Introduction
In this project we will be looking at binary predictive modeling
using the logistic regression model. We will look to see if we need to
transform any variables and do cross validation before finding our final
model. We want to look at wins as our response variable and want to look
at what betting odds factor helps with that.
Data and Variable
Descriptions
This data set is on the NBA game betting odds and outcomes of the
2014-2015 Season. There is 1230 observations and 17 variables. The
variables in this data set are
- Datenum (categorical)- This is the amount of days since January 1,
1960
- Team (categorical)- Where the home team is from
- OppTeam (categorical)- Where the away team is from
- TeamPts (numerical)- Home team points scored
- OppPts (numerical)- Away team points scored
- Wins (binary response)- If the home team won (1 means they won, 0
means they lost)
- TeamCov (binary response) - If the home team covered the spread (1
means they covered, 0 means a “push”, and -1 means they didn’t
cover)
- TeamSprd (numerical)- The Vegas point spread for the home team
- OvrUndr (numerical)- The over/under Vegas line for the total points
in the game
- TeamDiff (numerical)- Home Points minus Away Points
- TotalPts (numerical)- Home Points plus Away Points
We only used a certain number of these variables like TeamPts,
OppPts, TeamWin, TeamSprd, and OvrUndr due to my past experiences. The
other variables were either not important for this project or they were
a combination of others.
Research
Question
The objective of this case study is to build a logistic regression
model to predict wins using various risk factors associated with the
game.
Exploratory
Analysis
We first make the following pairwise scatter plots to inspect the
potential issues with predictor variables.

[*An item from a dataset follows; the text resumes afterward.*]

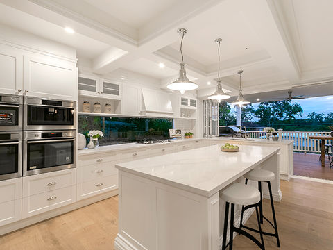 Crafted with inspiration from New York's iconic Hampton Style, Diane St in Yeronga stands as a testament to exquisite family living. Spread over three levels, this 5-bedroom, 3-bathroom residence boasts a serene palette of greys and whites, seamlessly blending with ash-colored flooring. The meticulous attention to detail is evident in every corner, from the inviting front porch to the porthole windows and intricate feature wall paneling. The open-plan living/dining area features a stunning Hamptons-style kitchen with Butler's Pantry, and Calcutta Nuvo benchtops. Flowing seamlessly to the entertainer's deck with a built-in BBQ, the home offers versatile living options, including a media room, rumpus with wet bar, and a self-contained office or guest bedroom leading out to another outdoor entertaining space and a sparkling inground pool.

Looking at the scatter plots we can see that none look skewed and are
all unimodal besides our binary response variable which is team wins.
This means that we do not need to transform any of our predictor
variables.
Standizing Numerical
Predictor Variables
Since this is a predictive model, we don’t worry about the
interpretation of the coefficients. The objective is to identify a model
that has the best predictive performance.
Data Split - Training
and Testing Data
We randomly split the data into two subsets. 80% of the data will be
used as training data. We will use the training data to search the
candidate models, validate them and identify the final model using the
cross-validation method. The 20% of the hold-up sample will be used for
assessing the performance of the final model.
Best Model
Identification
In the past modules, we introduced full and reduced models to set up
the scope for searching for the final model. In this case study, we use
the full, reduced, and final models obtained based on the step-wise
variable selection as the three candidate models.
Cross-Validation
for Model Identification
Since our training data is relatively small, I will use 5-fold
cross-validation to ensure the validation data set has enough diabetes
cases.
Average of prediction errors of candidate models
| 1 |
1 |
1 |
The average predictive errors of both model 1 and model 2 are the
same. Since model 2 is simpler than model 1, we choose model 2 as the
final predictive model. This selection of the final model is based on
the cut-off probability 0.5.
Final Model
Reporting
The previous cross-validation procedure identified the best model
with pre-selected cut-off 0.5. The actual accuracy of the final model is
given by
The actual accuracy of the final model
| 1 |
Looking at these results, it tells us that this model has a 100%
accuracy of predicting the outcome in the final model. This seems
correct because how many points you score affects the outcome of the
game greatly and how mnay points you can hold your opponent too.
Conclusion
In this project we were trying to make a model that predicts wins.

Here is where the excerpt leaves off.